RECORDS TO USE START

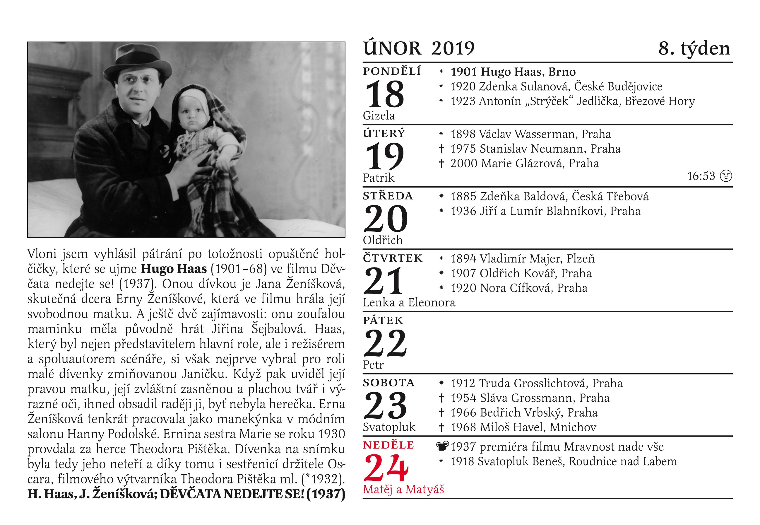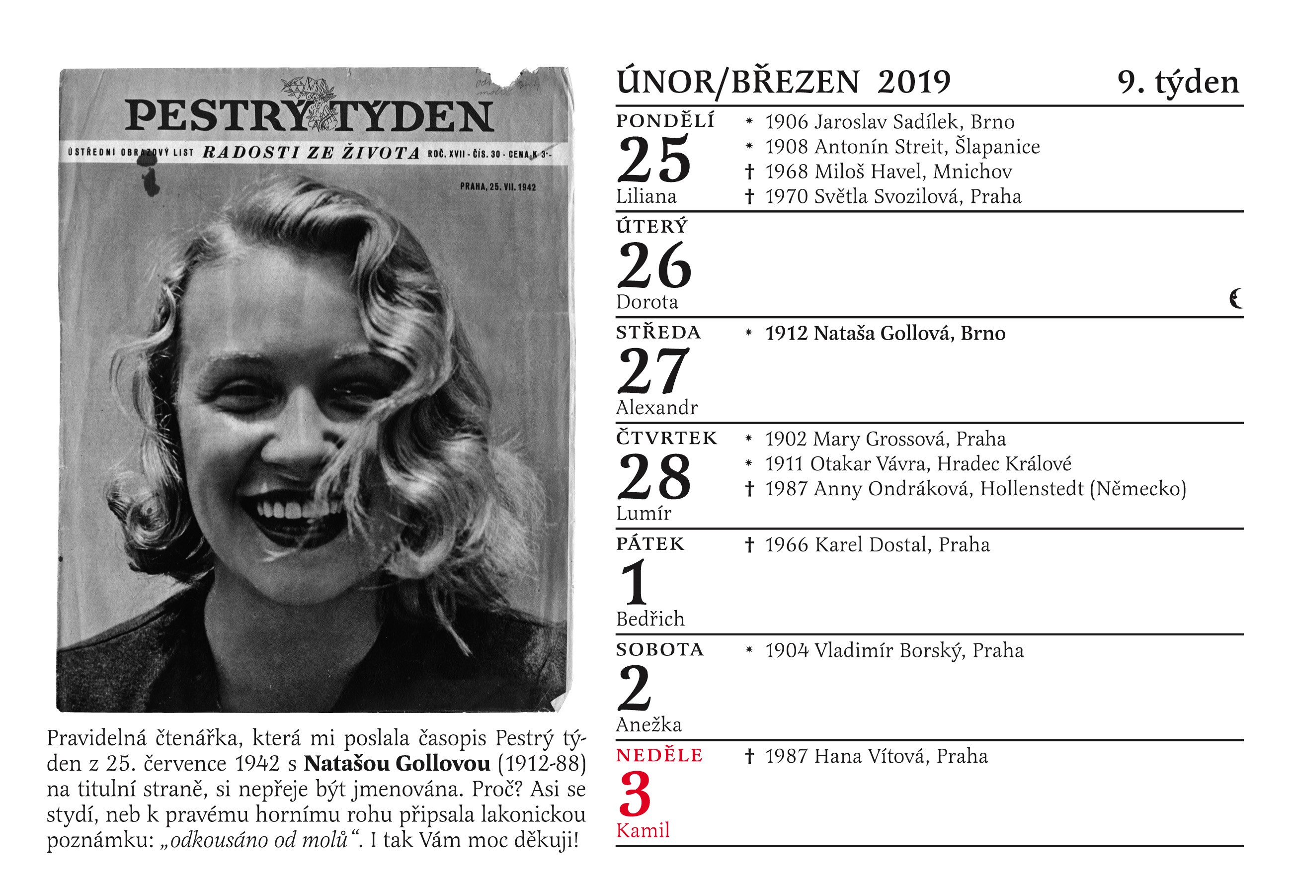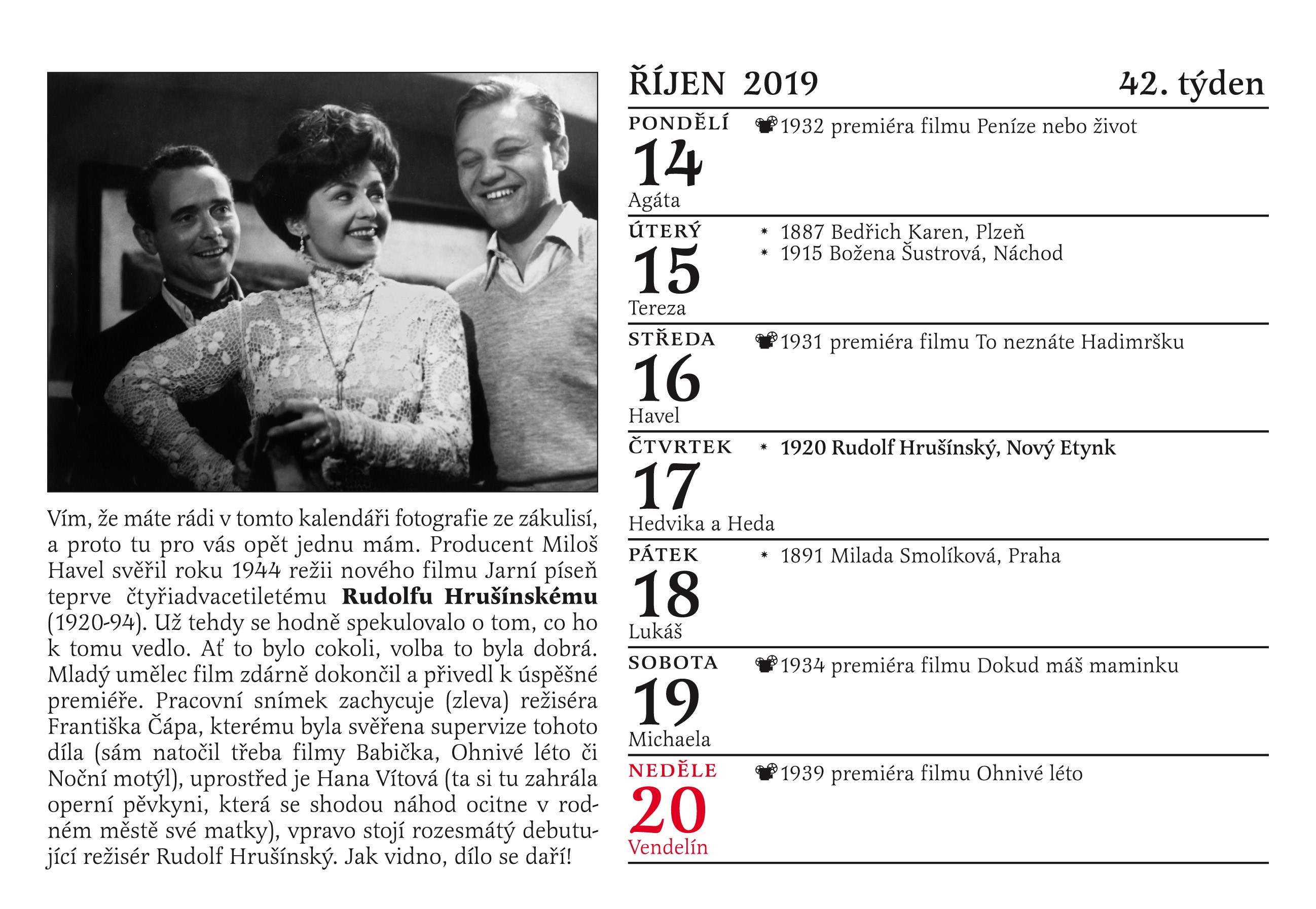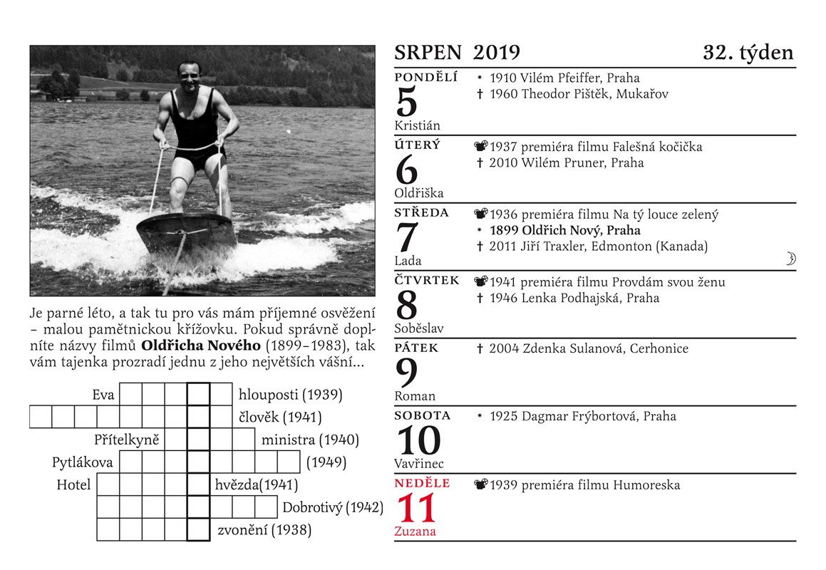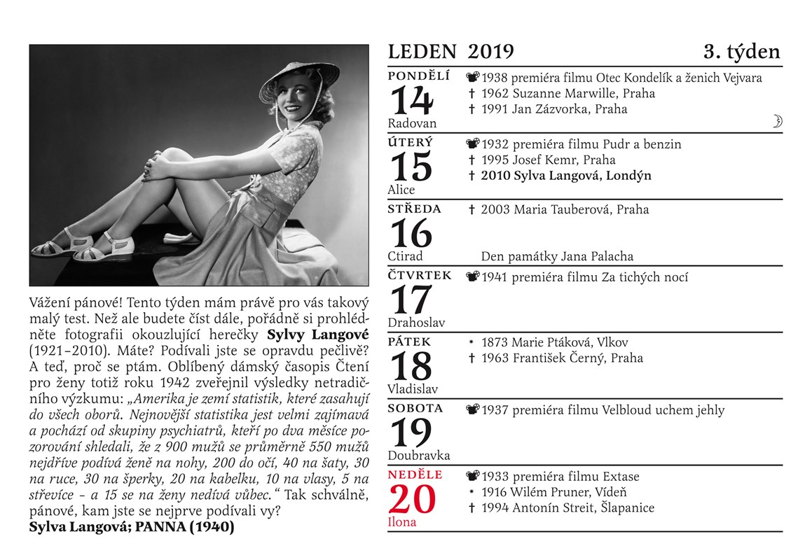 Patří mezi vaše oblíbené herečky Nataša Gollová, Lída Baarová, Adina Mandlová či Věra Ferbasová? Obdivujete herecké výkony Oldřicha Nového, Vlasty Buriana, Jaroslava Marvana, Svatopluka Beneše nebo Karla Högera? Pak si určitě včas obstarejte Cibulkův kalendář pro pamětníky na rok 2019!
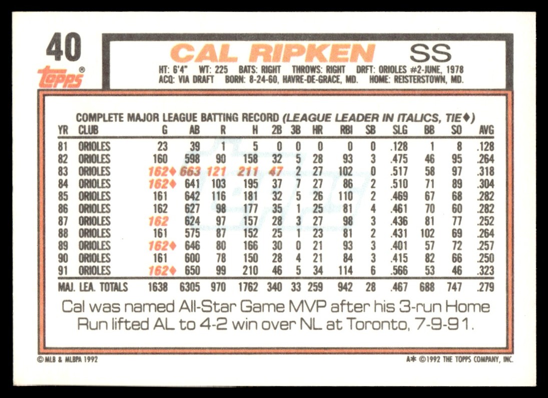 | 1992 Topps Cal Ripken Jr. Baltimore Orioles #40 |
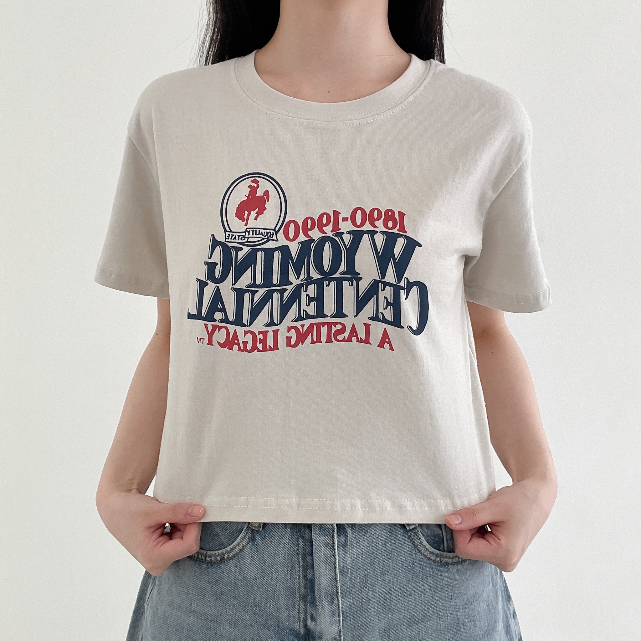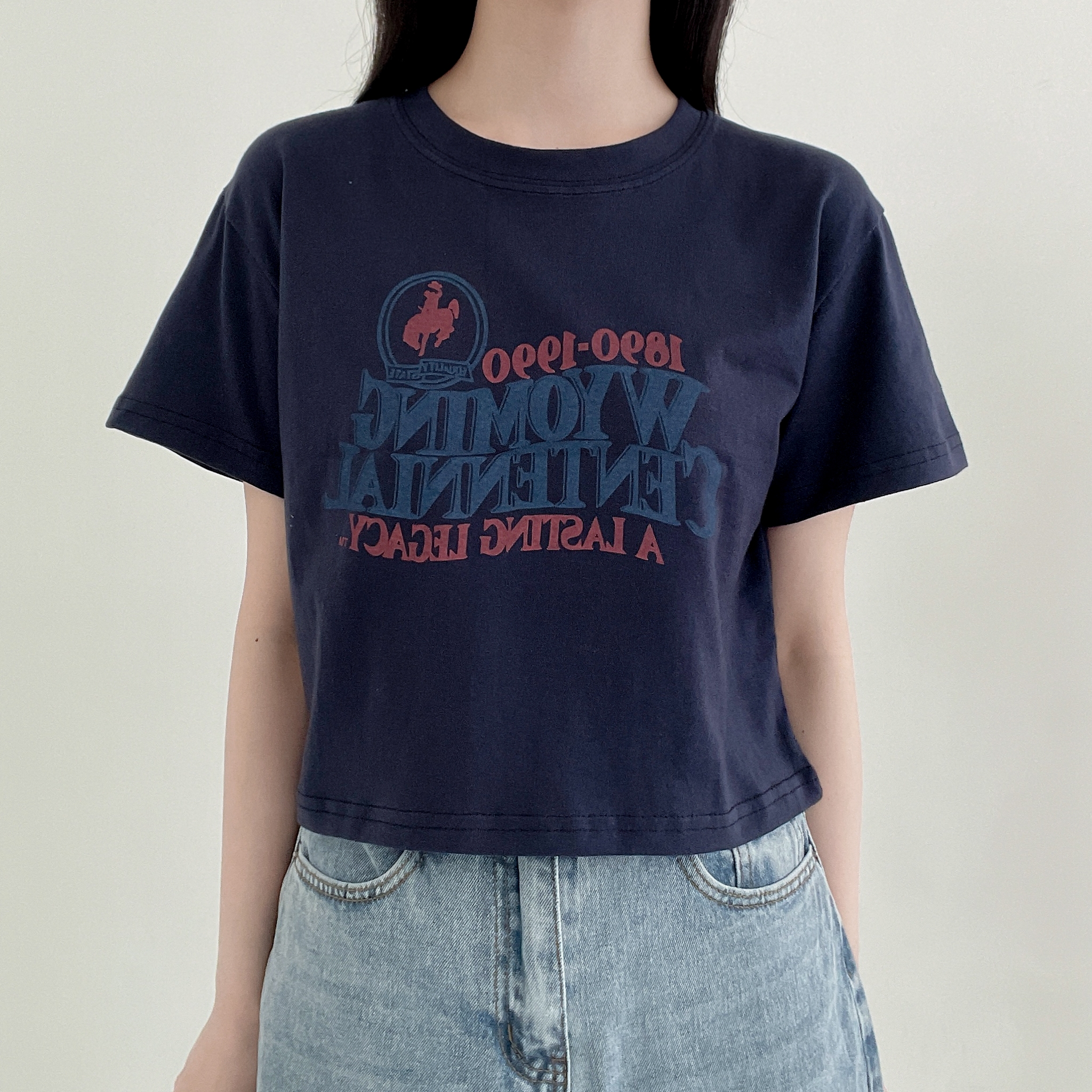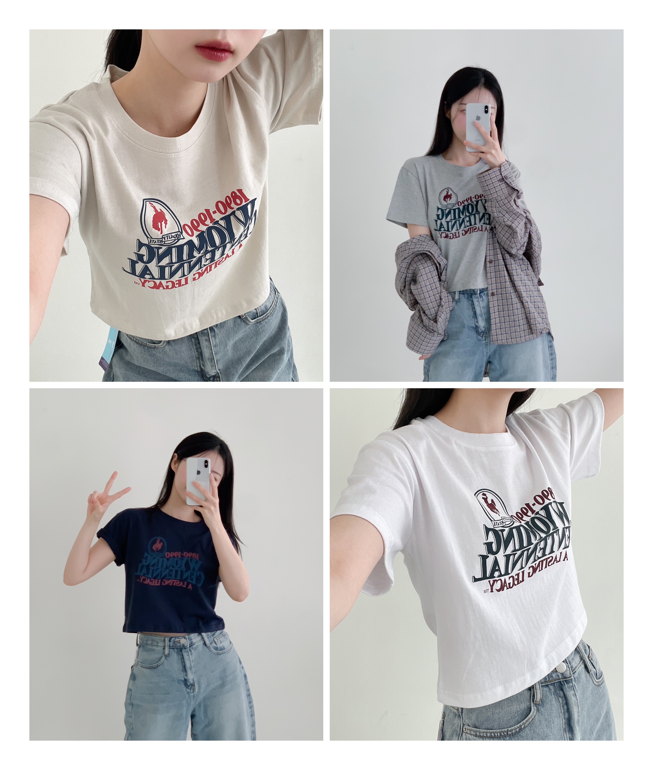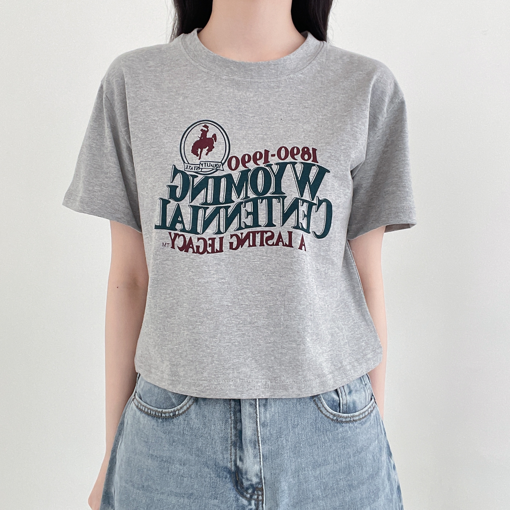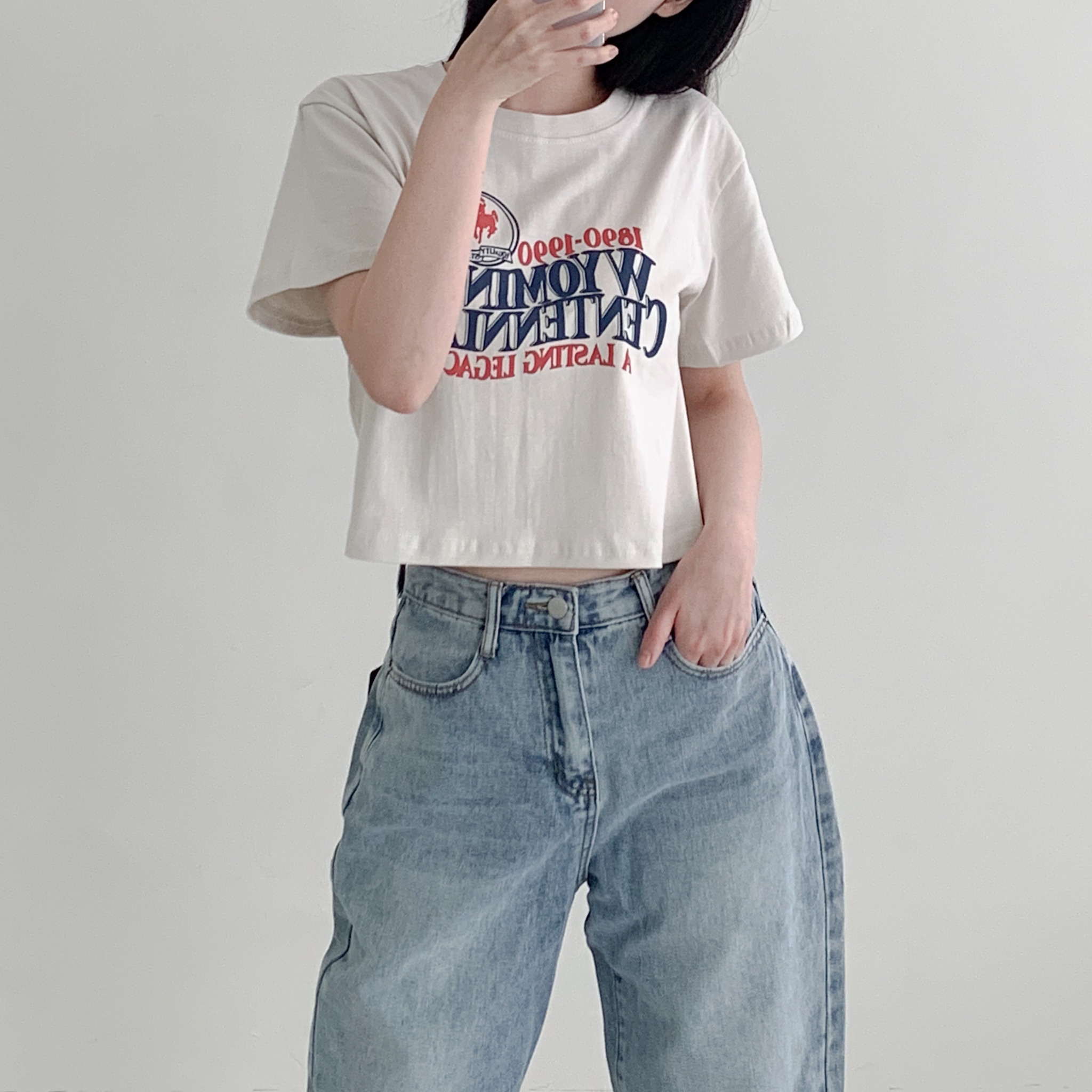 ラスティングレタリングクロップド半袖Tシャツ-4color
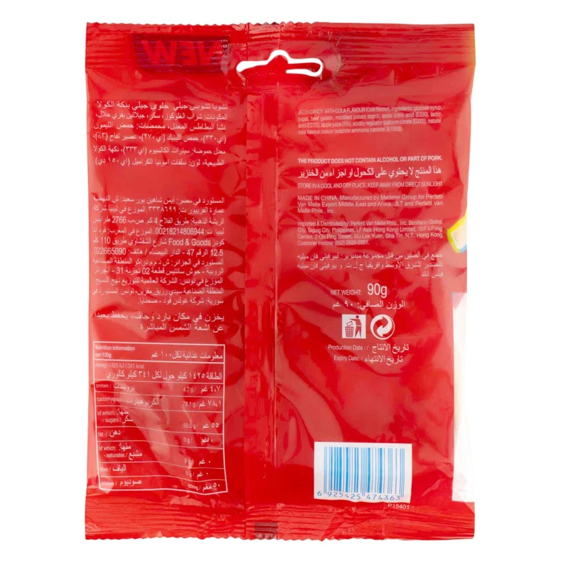 ingredients : سكر، شراب الغلوكوز، نشويات غذائية معدلة، ماء، أحماض: حمض الستريك، حمض الفوماريك، مواد تزجيج: شيلاك، شمع العسل، شمع الكرنوبا، منكهات.
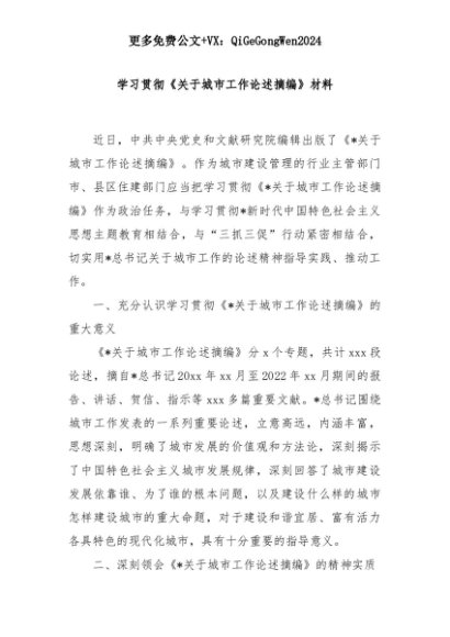 【七哥公文】2025年:学习贯彻《关于城市工作论述摘编》材料+更多免费公文+VX:QiGeGongWen2024+更多免费公文+VX:QiGeGongWen2024
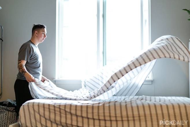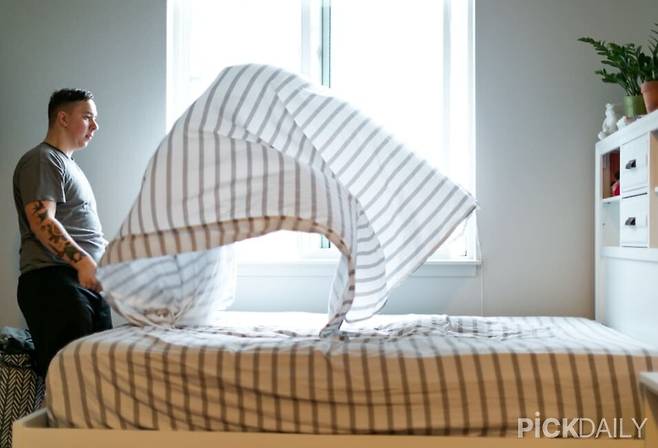 아침에 일어나면 이불을 똑바로 정리하지 말고, 한켠에 뒤집어 젖혀두는 것이 오히려 좋다. 외관상으론 지저분해도 건강엔 더 좋은 방법이다. 최소 30분~1시간 정도 통풍시킨 뒤 개는 게 좋다. 침대 시트와 이불 사이에 공기가 통하면서 습기가 빠져나간다.
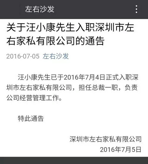 2016年7月4日,左右家私迎來一位新的總裁——汪小康,負責公司經營管理工作。

RECORDS TO USE END

▶ [TASK GOAL]:
Reproduce the data above exactly, but only from the line containing "Orioles #40 |" through the line containing "아침에 일어나면 이불을"; skip the pictures.

▶ [REPLY TO THE EXERCISE]:
 | 1992 Topps Cal Ripken Jr. Baltimore Orioles #40 |
 ラスティングレタリングクロップド半袖Tシャツ-4color
 ingredients : سكر، شراب الغلوكوز، نشويات غذائية معدلة، ماء، أحماض: حمض الستريك، حمض الفوماريك، مواد تزجيج: شيلاك، شمع العسل، شمع الكرنوبا، منكهات.
 【七哥公文】2025年:学习贯彻《关于城市工作论述摘编》材料+更多免费公文+VX:QiGeGongWen2024+更多免费公文+VX:QiGeGongWen2024
 아침에 일어나면 이불을 똑바로 정리하지 말고, 한켠에 뒤집어 젖혀두는 것이 오히려 좋다. 외관상으론 지저분해도 건강엔 더 좋은 방법이다. 최소 30분~1시간 정도 통풍시킨 뒤 개는 게 좋다. 침대 시트와 이불 사이에 공기가 통하면서 습기가 빠져나간다.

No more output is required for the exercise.